The film falls in what I call comedic horror, like Cocaine Bear and Shawn of the Dead.  There are scenes that make you jump, yet when a body part is cut off, it is not realistic.  They are more comical with the amount of red liquid coming out with high pressure.  You know the human body does not react that way.

Brea (Sidney Flanigan – Never Rarely Sometimes Always) is the lookout while her boyfriend Ry (D’Pharaoh Woon-A-Tai), Erve (Will Ropp), and Dev (Darius Fraser) break into a house.  The next day Brea, the only survivor of the group, is in an interrogation room with Detective Cole Mack (Frederick Weller).  The two play well against each other in telling their tale of what happened.  As the saying goes, there are two sides to a pancake and the truth is somewhere in the middle, their stories are close but not exact.

I used to watch Weller on the show In Plain Sight, where he was a Marshall, named Marshall.  If I hadn’t remembered his voice and one of his smiles, I would not have picked up that it was the same actor.  There are actors out there the public loves, and you know even if they are in a completely different movie yet still playing a law enforcement role, they will be the same character.  This was not the case here.  He understood the assignment and delivered it. 

With a punk culture vibe running in the background, and hidden finds throughout, I found myself really enjoying the movie.  I mean when a bar’s brew of the month is Douchebag Ale, and warning of what’s to come “ruins” include symbols from a high schooler’s doodles of vampire’s teeth and maybe a rebel alliance, I felt like I was among like-minded people.

I do hope to see some awards coming this film’s way from the festivals. It could easily become a late-night cult classic.
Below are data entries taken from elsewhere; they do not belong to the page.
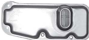
72603A Similar to 72601B with Different Mounting Holes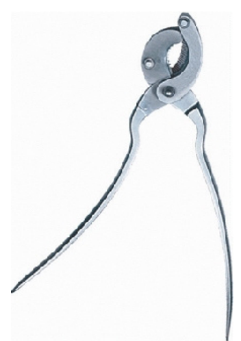
VG604-02 Serra Modified Emasculator, 13.5"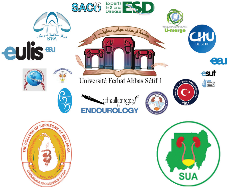
Sudanese urological association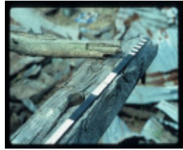
GAIRDNERS COTTAGE FEATURE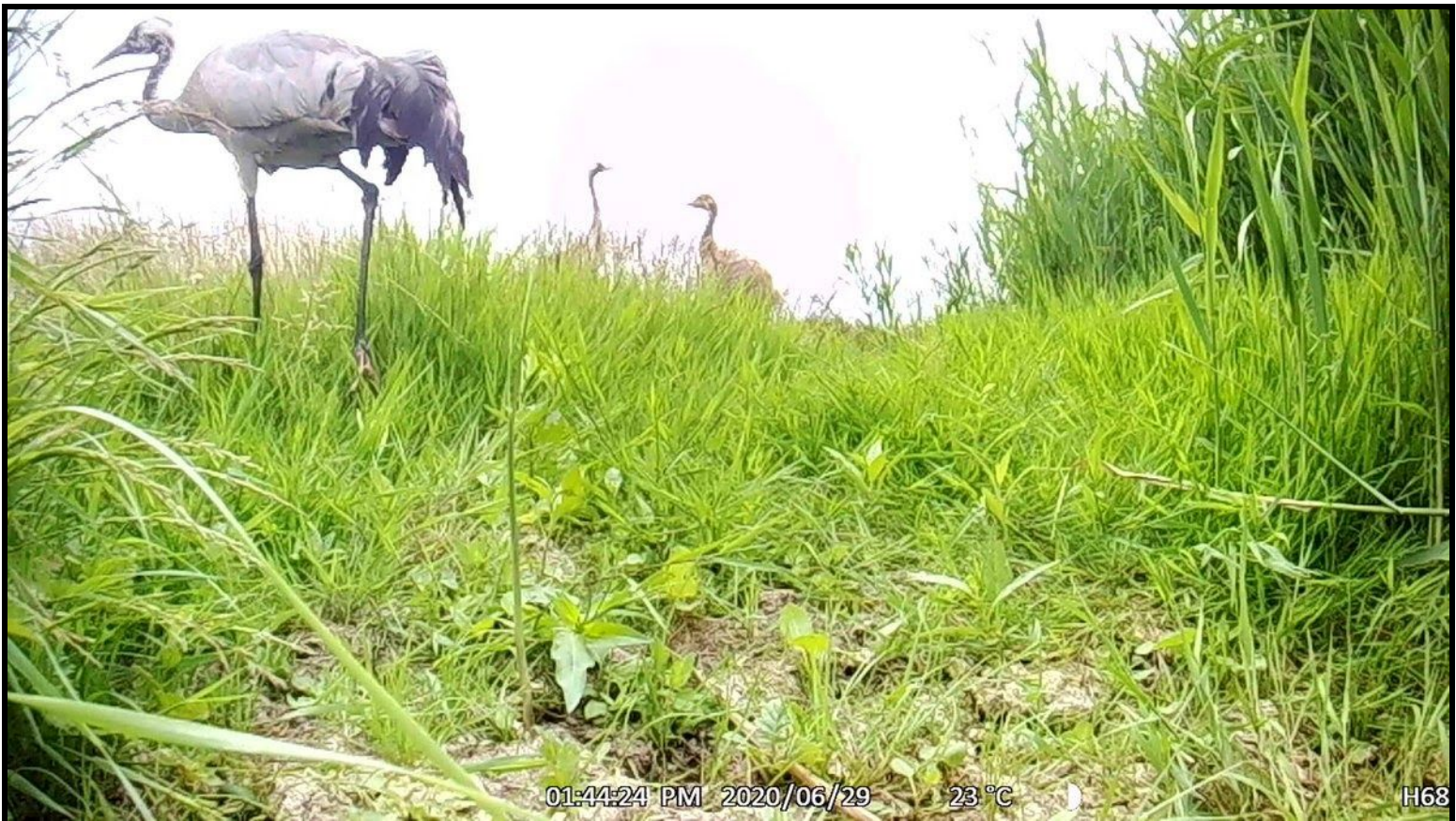
Common Crane with juvenile at Willow Tree Fen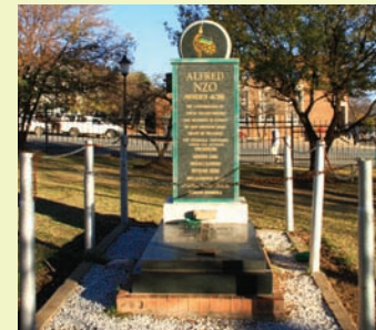
The Matatiele Heroes Acre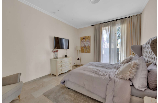
Villa in Torrenova 13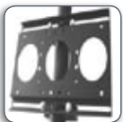
TPK1/TPK2 Pole Kits (TPK 2 shown)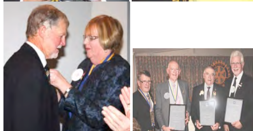
and three retiring Directors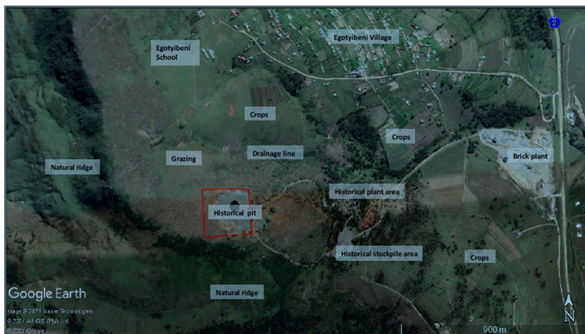
Figure 1. Land use and environmental sensitivity.

Surrounding land use includes a natural ridge and valley to the south and west of the site, grazing and subsistence agriculture to the north, and the historical plant and stockpile area to the east (see Figure 1). The only major infrastructure in proximity to the site is the N2 highway which at its closest point is approximately 1.5 km to the east (see Figure 2). The closest receptors to the site are the school and some homesteads forming part of the Sierra Village located approximately 600 m north of the site. The other village is located approximately 1km over the ridge to the west (See Figure 2).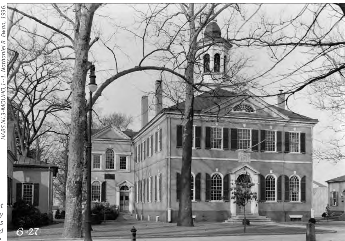
A detailed assessment of the Burlington County Courthouse resulted in its restoration and continued reuse.

Bentonville Film Festival feature entry

 

Director: Dutch Southern           

Written By: Dutch Southern

Cast: Sidney Flanigan, Frederick Weller, D’Pharaoh Woon-A-Tai, Darius Fraser, Will Ropp

MPAA Rating: Not yet rated.

Genres: Horror, Thriller

Selig Rating: 3 stars

Runtime: 1h 33m

 

The Selig Rating Scale:

5 Stars – Excellent movie/show, well worth the time and price.

4 Stars – Good movie/show

3 Stars – OK movie/show

2 Stars – Well there was nothing else…

1 Star – Total waste of time.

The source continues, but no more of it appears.